I placed an old bed sheet underneath the panel to prevent any excess epoxy from dripping down and accumulating on the hull. Notice the white bed sheet (which you see to the right) that is nearby. There is a space beneath the icebox that extends from the sink cabinet to the lazarette. At this time I was also working on the lazarette, and I did not want any dust from that project to work its way into the area around the icebox that I had just cleaned. This corridor of sorts between the galley sink and the lazarette was yet another reason why I wanted this modified sink cabinet, which would be used for the storage of plates, bowls, and glasses, to be sealed off from its adjacent spaces. If it were not sealed off, then all odors and gasses from the lazarette would freely float upward into this cabinet. At the bottom of the lazarette was the bilge. Within the lazarette there would be batteries, which of course would emit gasses when being charged. Also within the lazarette would be bags of trash. None of the odors or gases from these things would be welcome in this cabinet.
Typical scene outside the boat during much of the refitting, after a full day's work. I would stand in the companionway and do my epoxy mixing on the cockpit sole. After I was finished, I would, while still standing in the companionway, toss all used epoxy pots, paper towels, and gloves overboard. The following day, after the epoxy had hardened, I would gather the gloves and paper towels and then throw them away. The plastic epoxy pots I would reuse as many times as possible.
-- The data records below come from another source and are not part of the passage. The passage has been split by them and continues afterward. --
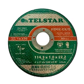 Marca: Telstar Superfícies aptas: Aço, Aço Inox, Ferro Diâmetro central: 22mm Tipo de disco: De corte. Diâmetro do disco de corte: 114.3 mm. Material: Óxido de alumínio. Modelo: Fine Cut 2T. Espessura: 1.0 mm.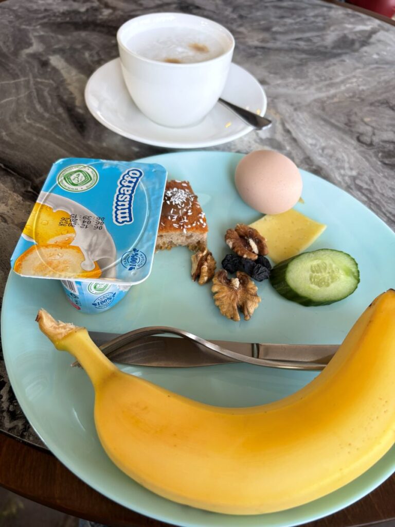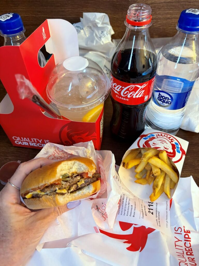The buffet is meager and I select a few things. I am so completely dehydrated all I really want is something to drink. After about half an hour my room has been prepared. Upstairs I head and am so grateful to have finally arrived. I won’t say any more about the day except that it included mostly rest and a YandexGo delivery order from Wendy’s. I got a double burger, coke zero, two sparkling waters, one fries and one fresh lemonade for under $10 CAD!!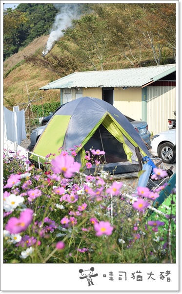 帳蓬前 就有波斯菊~ 很美吧!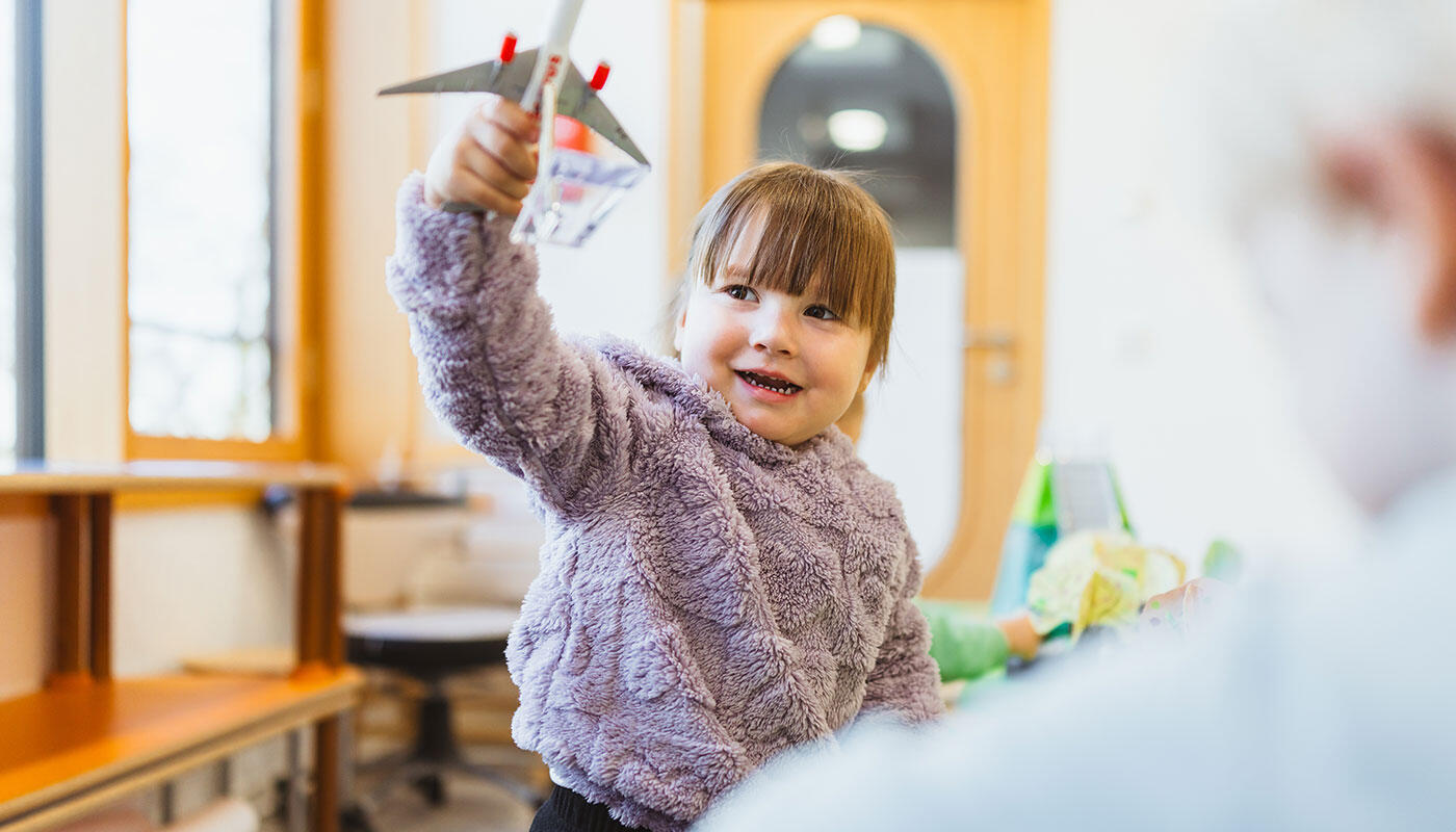 Der Flughafen selbst ist dabei nicht nur spannendes Umfeld für die Kleinen, sondern auch immer wieder Thema im Betreuungsalltag: So unternimmt das Kita-Team gerne kleine Ausflüge, zum Beispiel zur Besucherterrasse im Terminal 2 oder zum Spielplatz am Besucherhügel. "Wenn wir die Möglichkeit bekommen, besuchen wir auch gerne mit den Kindern besondere Orte und Firmen bzw. Behörden. Wir durften schon auf die Polizeiwache und zur Feuerwehr. Das ist dann natürlich für alle Kinder ein ganz besonderes Erlebnis", berichtet die Kita-Leiterin.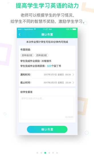 趣教,是一款專為小學(xué)英語(yǔ)老師設(shè)計(jì)的教學(xué)輔助軟件,幫助老師在線布置作業(yè),管理班級(jí)以及實(shí)時(shí)掌控學(xué)生學(xué)習(xí)數(shù)據(jù)。【功能介紹】

A day or two later, after the epoxy had dried, I turned my attention to the aft panel cleat. This of course was the cleat that would support the large shelf on its aft edge. In the picture below, I am making sure that the cleat is as level as possible. I'm using just two small screws to support the cleat during this leveling process.

Amazingly, this shelf was level, both forward to aft and port to starboard. Oh, and by the way, the boat itself was level. I made sure of this by testing the trailer for level.
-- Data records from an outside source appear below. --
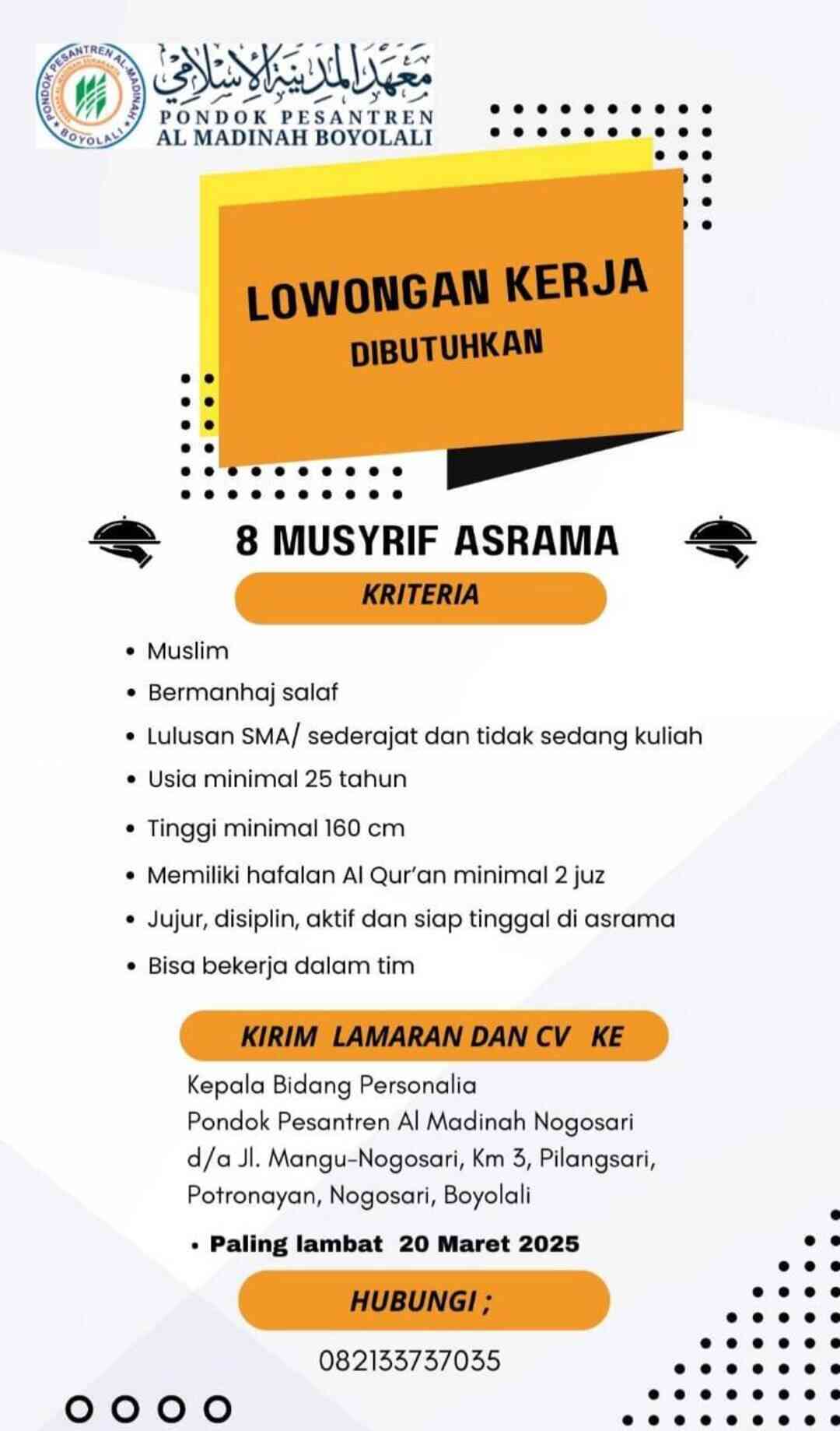 [LOWONGAN KERJA] Dibutuhkan 8 Musyrif Asrama (Pondok Pesantren Al Madinah – Kab. Boyolali)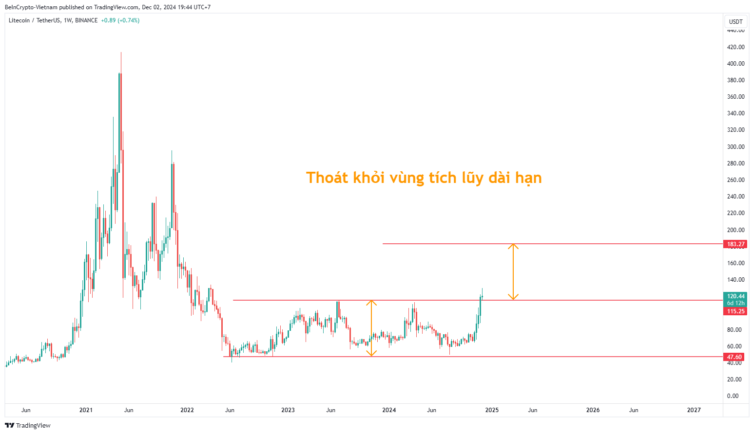 Cấu trúc đáng theo dõi đầu tiên là những Altcoin cho dấu hiệu thoát ra khỏi vùng sideway tích lũy dài hạn. Vùng tích lũy này có thể kéo dài 1 năm, 2 năm hoặc thậm chí 3 năm. Ví dụ dưới đây là Litecoin (LTC). Target của những Altcoin dạng này là mức giá có biên độ tăng tương đương với biên độ vùng tích lũy (như minh họa).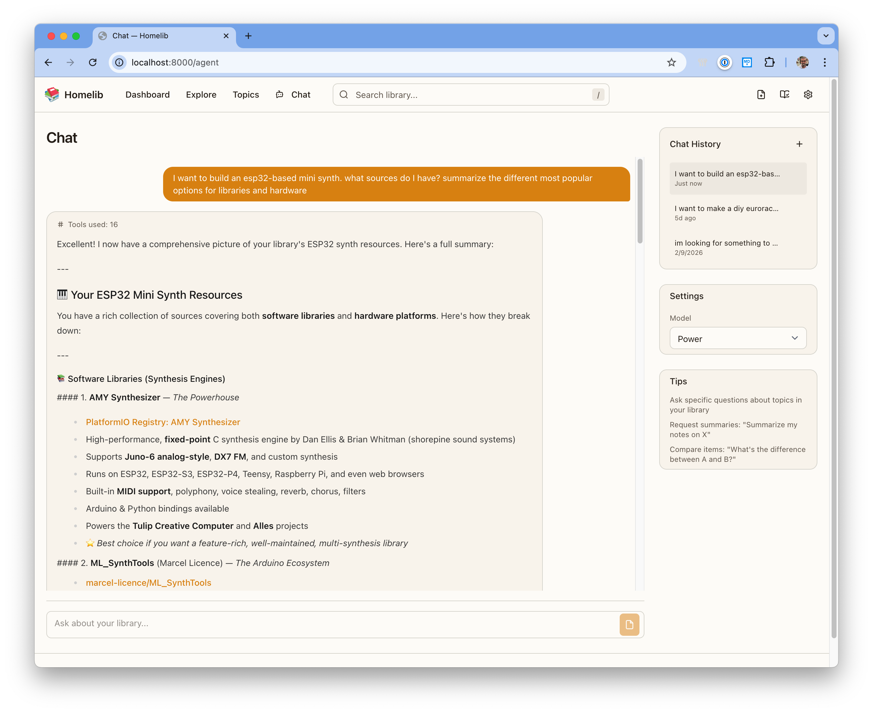 Ask questions and get answers grounded in your own collection. The agent searches, compares items, and summarizes topics.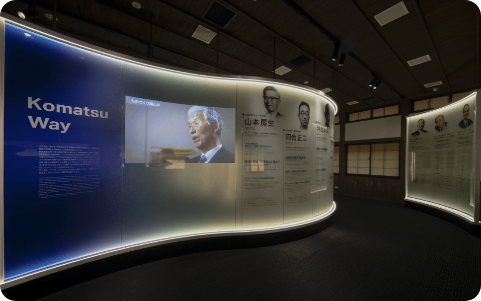 コマツのDNAと呼ぶべき「コマツウェイ」の誕生から、制定に込めた思い、また先人たちが幾多の困難を乗り越えてきた中で大切にしてきた思いを紹介しています。また、コマツウェイ語録とそれにまつわるエピソードを展示しています。

Before installing the cleat, I needed to do some sanding. It would be much easier to sand the tape on the hull and aft panel prior to the installation of the cleat rather than after the installation.
The Rockwell Sonicrafter oscillating tool again proved to be an essential tool for this project. With its small triangular sanding head, it could reach areas that were inaccessible to the larger quarter-sheet sander.
When the time came to drill the screw holes (through the existing holes in the cleats) into the aft panel, I turned to my Milwaukee Tools right angle attachment. Like the oscillating tool, this tool was essential, not only on this project but also on many others during this refitting.

Finding toluene unnecessary at this point, I wiped down the area behind the cleat with acetone prior to the application of epoxy.
The aft panel after I had wet it out with neat epoxy.
The cleat after it had been wet out.
The cleat, covered with thickened epoxy.
The cleat, installed. Note the countersunk screw holes filled with thickened epoxy.
Now that I had completed these tasks, I could focus on the construction of the small shelf and the partitions that would hold the plates, bowls, and cups. That is the subject of the fifth part of this multipart article.

This ends this posting on how I installed the panels and cleats for the new galley sink cabinet on Oystercatcher, my Ericson 25.